Nice pics, but why in the world would you possibly post the town? There are so many internet scouters out there looking for exactly this. If you want to go back there in the future years (or anywhere else for that matter) and not have plenty of company, you'll simply say central North Dakota from now on. 
Brady Ness


----------



## pineislandguide (Sep 21, 2005)

I do my guiding in MN, not ND. The exact spot in minnesota would be North of Roosevelt around Rocky Point. Come on up. The early season hunting up there is GREAT. Good luck finding land.

I didn't exactly think that spot we hunted in ND was what anyone would call "secret". Internet scouters, have at it. If you find the field I hope you bring more than 15 doz deeks because it's tough to compete with 3 other groups in the same field.

On second thought, come to MN, we have a ton of birds around Rochester and Fergus. Its awesome hunting, everyone fills out every day, no matter what. there are banded birds everywhere.

I'll post more photos early next week. I'll include GPS coordinates this time.


----------



## gandergrinder (Mar 10, 2002)

It all makes sense now. A Sota and a guide.


----------



## Madison (Mar 1, 2002)

pineislandguide said:


> The exact spot in minnesota would be North of Roosevelt around Rocky Point. Come on up. The early season hunting up there is GREAT. Good luck finding land.
> 
> On second thought, come to MN, we have a ton of birds around Rochester and Fergus. Its awesome hunting, everyone fills out every day, no matter what. .


No actually I would say Rocky Point is just north of Arnesen.. Actually duck hunting over a water spread is better south of Rocky point. Or how About 4 mile bay? or Pineisland (gap), this is huntable, there is actually a water hole right in the middle of it, always full of birds. The point can be good for divers. Dont forget morris point either...

Rochester, thanks for the information on land that you cant get on for a 8 mile radius because its locked up with MORE GUIDES....


----------



## pineislandguide (Sep 21, 2005)

I don't duck hunt, or hunt geese on the water, but I'm sure that would be good also.

I have heard that the rainy river/pine island/4 mile bay is good for that. Have at it, post some pics and GPS coordinates.



> Actually duck hunting over a water spread is better south of Rocky point.
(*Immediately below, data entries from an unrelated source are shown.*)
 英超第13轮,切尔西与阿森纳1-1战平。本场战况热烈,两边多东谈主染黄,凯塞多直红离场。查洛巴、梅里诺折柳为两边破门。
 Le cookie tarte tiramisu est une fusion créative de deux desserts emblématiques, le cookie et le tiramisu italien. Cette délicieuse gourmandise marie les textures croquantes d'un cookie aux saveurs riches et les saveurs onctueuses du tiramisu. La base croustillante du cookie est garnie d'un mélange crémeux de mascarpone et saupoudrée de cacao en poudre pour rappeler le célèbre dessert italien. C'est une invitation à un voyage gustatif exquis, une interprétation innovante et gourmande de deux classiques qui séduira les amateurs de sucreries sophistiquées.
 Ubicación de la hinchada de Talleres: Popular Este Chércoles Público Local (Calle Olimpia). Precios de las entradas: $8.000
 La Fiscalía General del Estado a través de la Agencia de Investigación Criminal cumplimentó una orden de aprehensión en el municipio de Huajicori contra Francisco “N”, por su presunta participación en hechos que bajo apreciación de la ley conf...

Where exactly would you duck hunt over a water spread South of rocky point? To my knowledge, the lake is generally North of rocky point. Unless you were talking about SE or SW of Rocky, but then you wouldn't be giving the exact location.


----------



## Van Wey (Jul 15, 2005)

The goose hunting around STANTON, NORTH DAKOTA was great!!!! Matter or fact, I was just their yesterday and the birds are thick.
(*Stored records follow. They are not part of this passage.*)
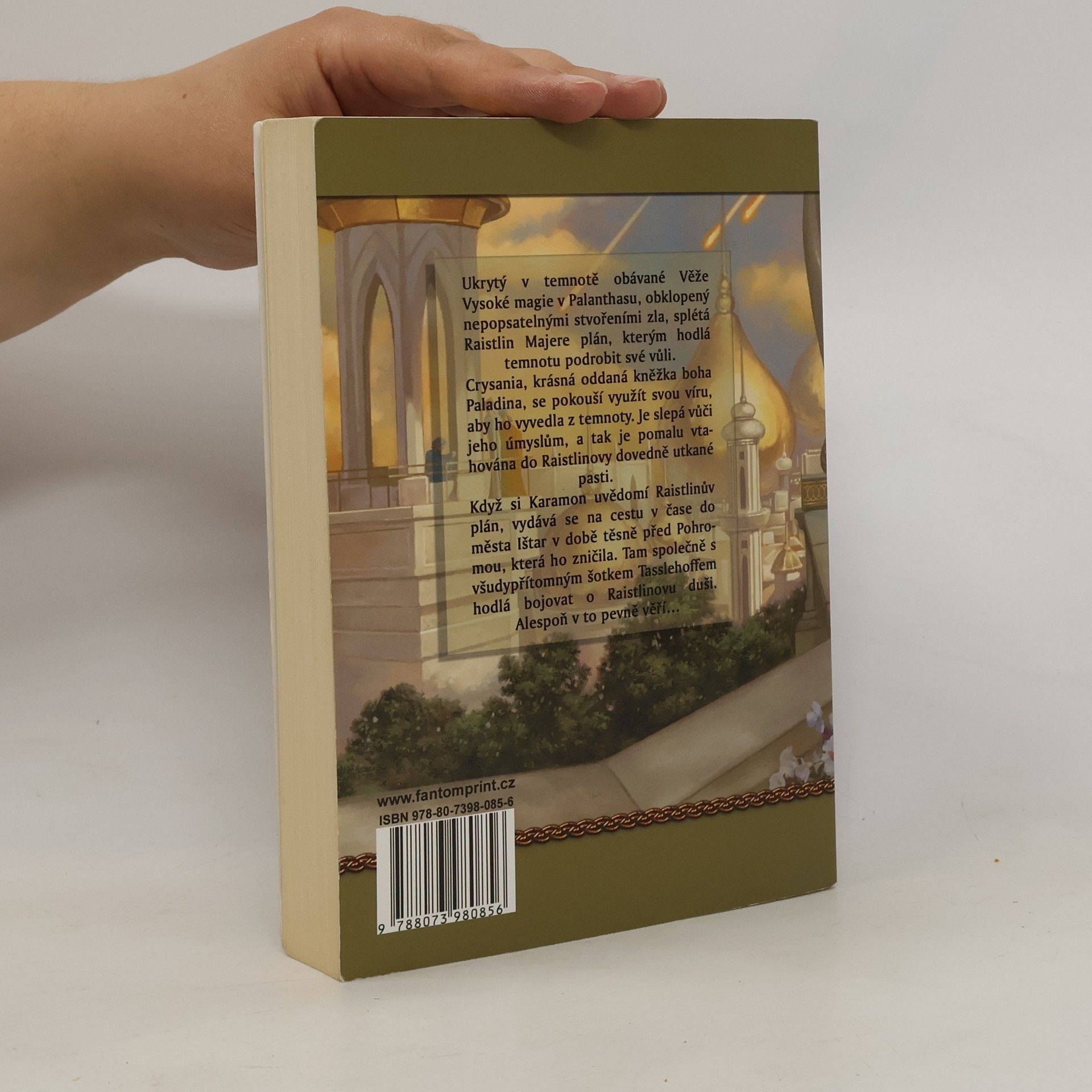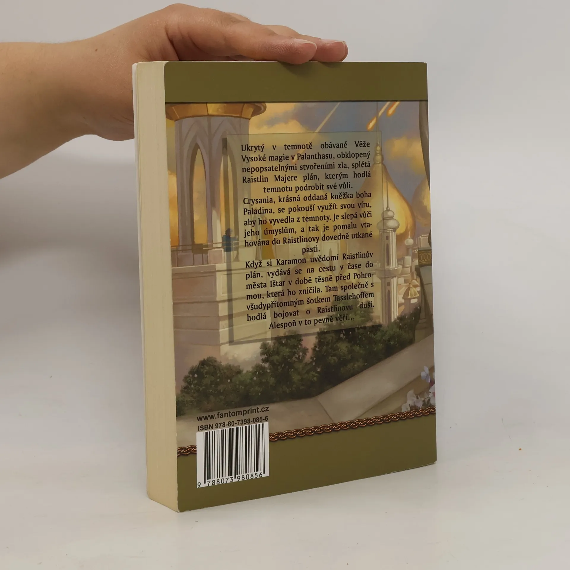 1. díl série: DragonLance – Legendy (celkově 4. kniha) Ukrytý v temnotě obávané Věže Vysoké magie v Palanthasu, obklopený nepopsatelnými stvořeními zla, splétá Raistlin Majere plán, kterým hodlá temnotu podrobit své vůli. Crysania, krásná oddaná kněžka boha Paladina, se pokouší využít svou víru, aby ho z té temnoty vyvedla. Je slepá vůči jeho úmyslům, a tak je pomalu vtahována do Raislinovy úhledně utkané pasti. Když si Karamon uvědomí Raistlinův plán, vydává se na cestu v čase do města Ištar v době těsně před Pohromou, která ho zničila. Tam společně s všudypřítomným šotkem Tasslehoffem hodlá bojovat o Raistlinovu duši. Alespoň v to pevně věří…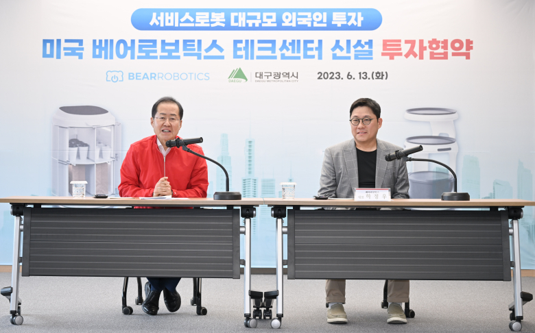 대구시는 13일 오후 시청 산격청사에서 베어로보틱스와 대구테크노폴리스 내 서비스로봇 연구 및 제조시설인 ‘베어로보틱스 테크센터’ 신설을 위한 투자협약을 체결했다고 밝혔다.베어로보틱스는 구글 엔지니어 출신 하정우 대표가 2017년 설립한 세계 최초 AI기반 자율주행 서빙로봇 제조기업이다. 미국 실리콘밸리에서의 연구개발을 시작으로 2020년부터 국내에서 서빙로봇 ‘서비’를 양산했다. 최근에는 소프트뱅크로부터 1000억원 규모의 투자유치에 성공하는 등 차세대 유니콘 기업으로 주목받고 있다. 특히 베어로보틱스는 서비스로봇의 핵심기술인 자율주행기술에 탁월한 기술력을 보유하고 있어 KT, 소프트뱅크, CJ 등 국내·외 대기업 및 유명 프랜차이즈들과의 파트너십 기반 B2B 로봇 판매를 지속적으로 확장하고 있다. 서빙로봇, 방역로봇, 층간이동로봇을 출시해 자체 개발한 플랫폼 기반으로 다양한 분야의 로봇 제품군을 확대해가며 성장하고 있다.베어로보틱스는 연평균 20% 성장률을 보이고 있는 세계 로봇시장에서 글로벌 선도 기업으로 시장을 선점하기 위해 대구테크노폴리스 부지 2만2424㎡(6783평)에 683억원을 투자해 글로벌 거점 역할을 할 연구 및 제조시설인 베어로보틱스 테크센터를 새롭게 건립할 계획이다.이를 통해 베어로보틱스는 로봇단위의 기술개발 이외에도 서비스로봇의 클라우드 기반 관제 기술과 최신 인공지능 기술을 기반으로 인공지능 모빌리티 플랫폼을 구현하는 것을 목표로 하고 있다.베어로보틱스 테크센터가 올해 하반기 착공에 들어가 내년 말부터 가동되면, 대구에서 신제품 개발, 자동화된 품질 테스트, 신품화 및 고도화된 인공지능 플랫폼 기술개발 등을 진행할 예정이다.홍준표 대구시장은 “미국 실리콘밸리의 로봇기업인 베어로보틱스의 대규모 투자가 대구시가 추진하고 있는 로봇산업 육성정책과 시너지효과를 발휘해 대구가 로봇 중심 도시로 도약하는데 큰 역할을 해 줄 것을 기대한다”며 “베어로보틱스가 앞으로 글로벌 시장을 선도하는 로봇 플랫폼 기업으로 성장할 수 있도록 행정적·정책적 지원을 아끼지 않겠다”고 말했다.한편 대구시는 로봇산업을 미래 50년을 이끌 5대 신산업으로 선정, 지역의 풍부한 로봇 인프라와 로봇산업 육성정책을 통해 최근 급성장하고 있는 서비스로봇산업 육성을 본격 추진하고 있다. 서비스로봇 완제품 개발·제작, 도심 전역 서비스로봇 실증·보급, 로봇 벤처·스타트업 육성 등으로 서비스로봇 전주기 지원을 추진하고 있다.올 8월 국가로봇테스트필드 예비타당성 조사가 완료되면 국가로봇테스트필드를 중심으로 체계적인 지원을 통해 서비스로봇 분야 대표기업인 베어로보틱스와 시너지 효과가 기대된다.또 이미 우수한 제조업 역량과 철도 및 고속도로 등 발달된 물류 인프라를 보유한 대구-경북 지역에 2028년 TK신공항이 개항되면 국내 전역은 물론 해외로까지 연결된 세계적인 로봇제조산업 기지로 발돋움할 것으로 기대하고 있다.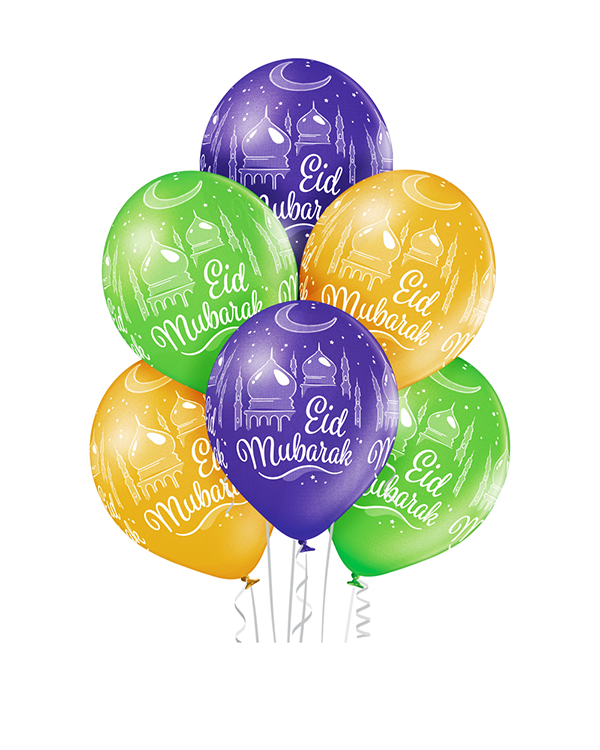 6 stk. Lateksballonger dedikert til feiringen av Eid Mubarak. Ballongene er dekorert med vakre moskeer og halvmåner, med teksten «Eid Mubarak». Kommer i de metalliske fargene lime-grønn, gull og lilla. Ballongene kan bli opptil 30cm store når de blåses opp. Passer perfekt til feiringen av Eid. Alle våre lateksballonger er nedbrytbare i naturen på lik linje med eksempelvis eikeblader.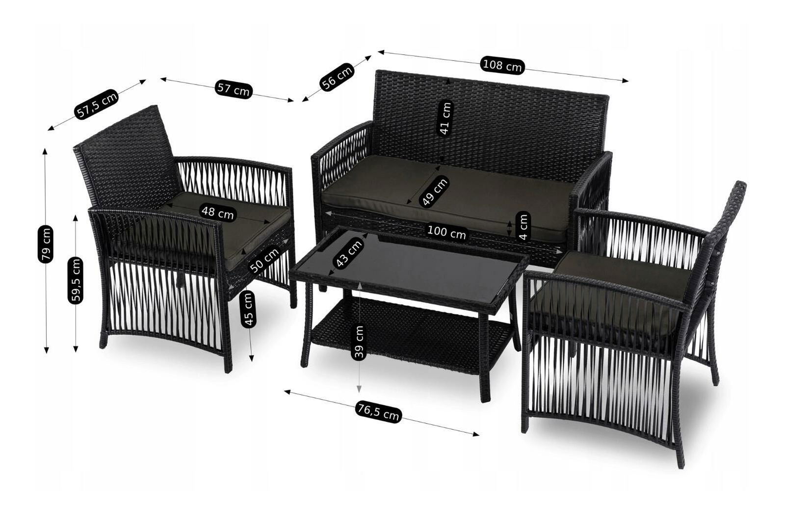 Zahradní set Frutos (černá) (pro 4 osoby)

_Edited due to insults towards members of Nodak Outdoors_

If YOU can get on land around Stanton swing on out. We hunt OUR own land!!!! I dont care if people show up....competition is fun!!! Its a little ridiculous you guys rip on someone whos just sharing his hunt. Everybody and there brother knows that late season is the best out west....WHY because its the only open water!!!!!! Why do you think we have land out there??? Enjoy the photos!!

Van Wey


----------



## Decoyer (Mar 2, 2002)

Thanks Van Wey... you've shown us your true intelligence. Here ends the lesson.


----------



## Madison (Mar 1, 2002)

Yet another Genious :thumb:


----------



## 4CurlRedleg (Aug 31, 2003)

Thank God there is still some folks with some sanity on here.

Propst to GG, Decoyer and Madison. Chris and the crew spent all fall keeping the internet scouting at bay and here is a nr and a guide dolling out free scouting reports.
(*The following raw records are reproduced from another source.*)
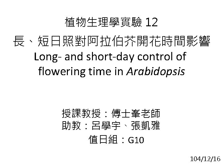 Effects of environmental cues on flowering time control Flowering time control by different photoperiods Garner and Allard, 1920 Long-Day Short-Day Adapted from Alex Webb lab, Department of Plant Sciences, University of Cambridge Adapted from : http: //tianwei. pixnet. net/blog/post/10853484 5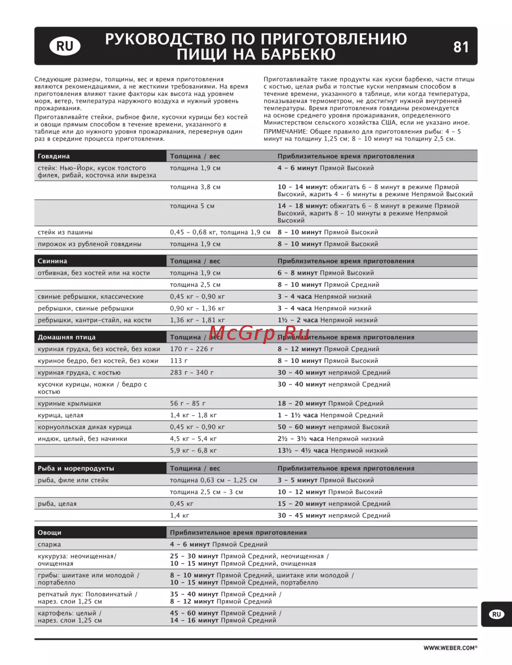 - Руководство по приготовлению пищи на барбекю p.81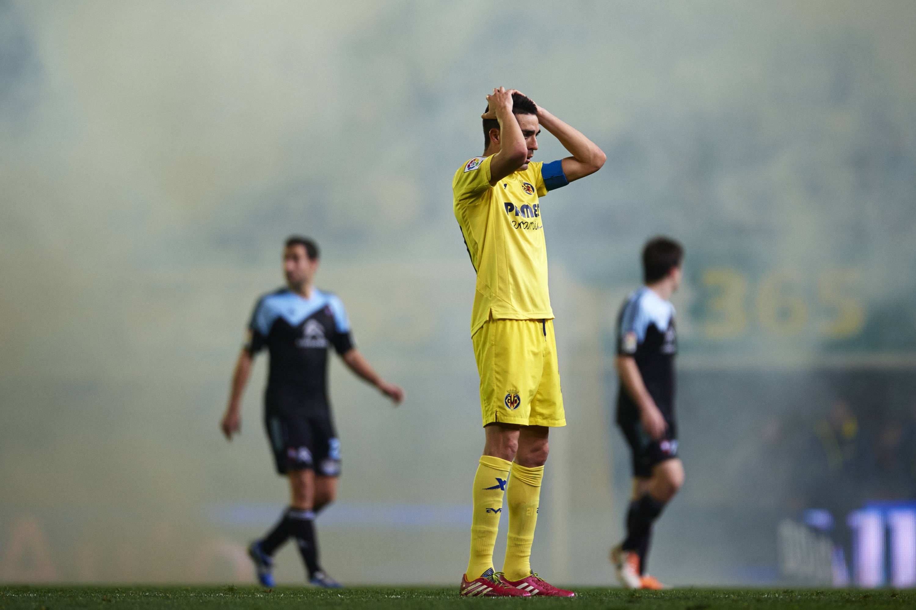 Momentos de confusión y pánico se vivieron sobre el terreno de juego. En la imagen, Bruno, capitán del Villarreal, se echa las manos a la cabeza.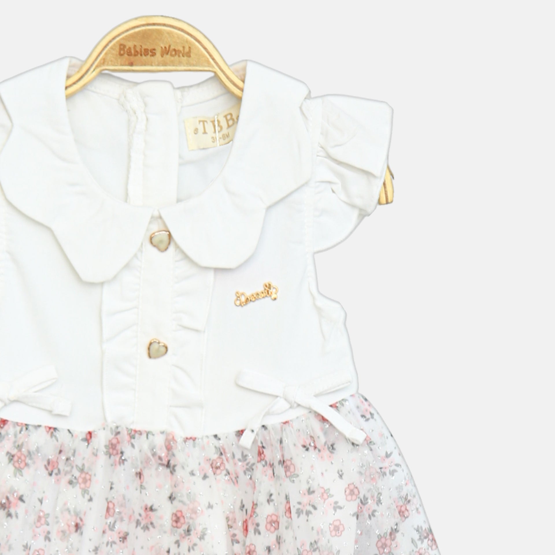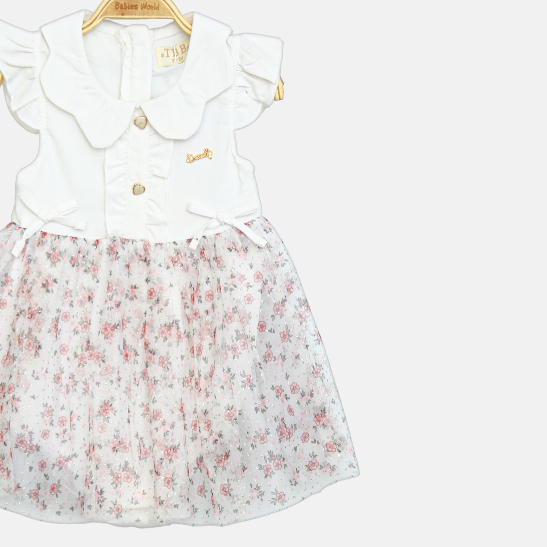 Detail: Glittery tulle skirt overlay with a pink floral pattern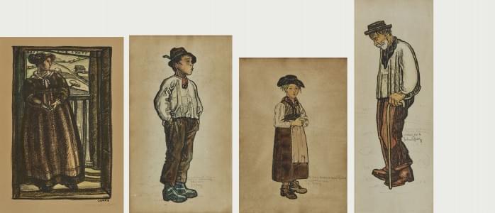 Personnages valaisans, quatre gravures dédicacées et monogrammées à la mine de plomb, de 45x31 à 57x37 cm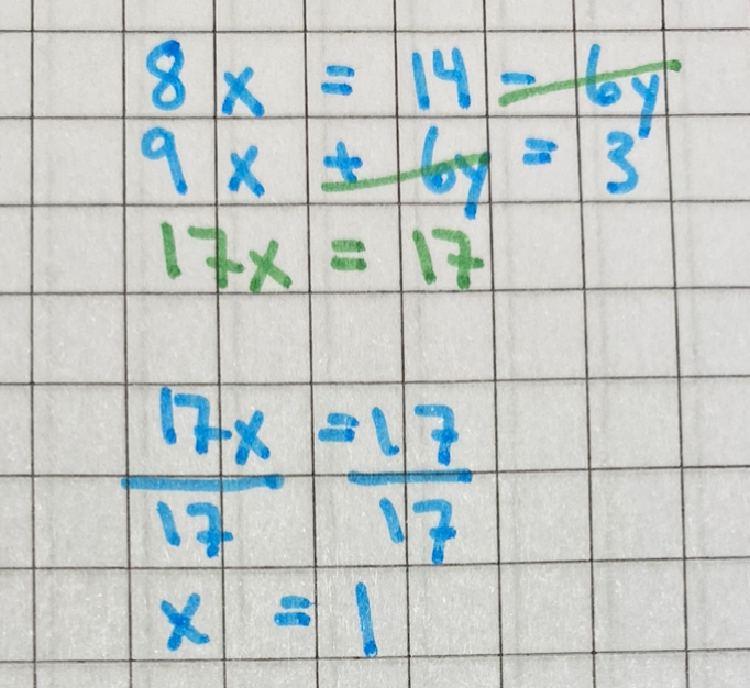 8x=14-6y (liksom då blir de ju så här att jag vidare får ut 17x=17 och jag fastnar)

Delete this frickin" thread!!!! :******:

Here is an after thought and a thankyou, thanx for showing us your rig. It will come in handy.


----------



## lesserlover1 (Nov 28, 2006)

If you have to use the internet to find geese.you must be a BIG hunter.spend the money on gas and find your own birds.but nice pick's


----------



## tombuddy_90 (Aug 5, 2004)

i just can't see why everyone is making such a fuss. it is soundind like you guys are going to go and run him off the road when u see his rig?? All this guy did is put some great pics from his hunt and said were it was. what is the problem with that? that is all i am wanting to know, i just don't get why everyone is so grumpy now. It is almost christmas, lets be nice and spread the holiday joy. So share a beer and shoot em up :beer:

thomas


----------



## nodakoutdoors.com (Feb 27, 2002)

I talked to that same landowner, we've hunted that field, I don't recall the guy ever saying he had family out in the field. I'm sure you were with Chris and remember us pulling up to your rig when you were in the field.

We've had to scout double hard this year with all the pressure, highest I've seen in 14 years on the river.

Double edge sword here, I don't win either way. I don't want to over-censor but I can't blame guys for not wanting their spots posted up for the world to see. Try to stay a bit more general instead of exact in posts and I'm sure everything can appreciate the post without friction.


----------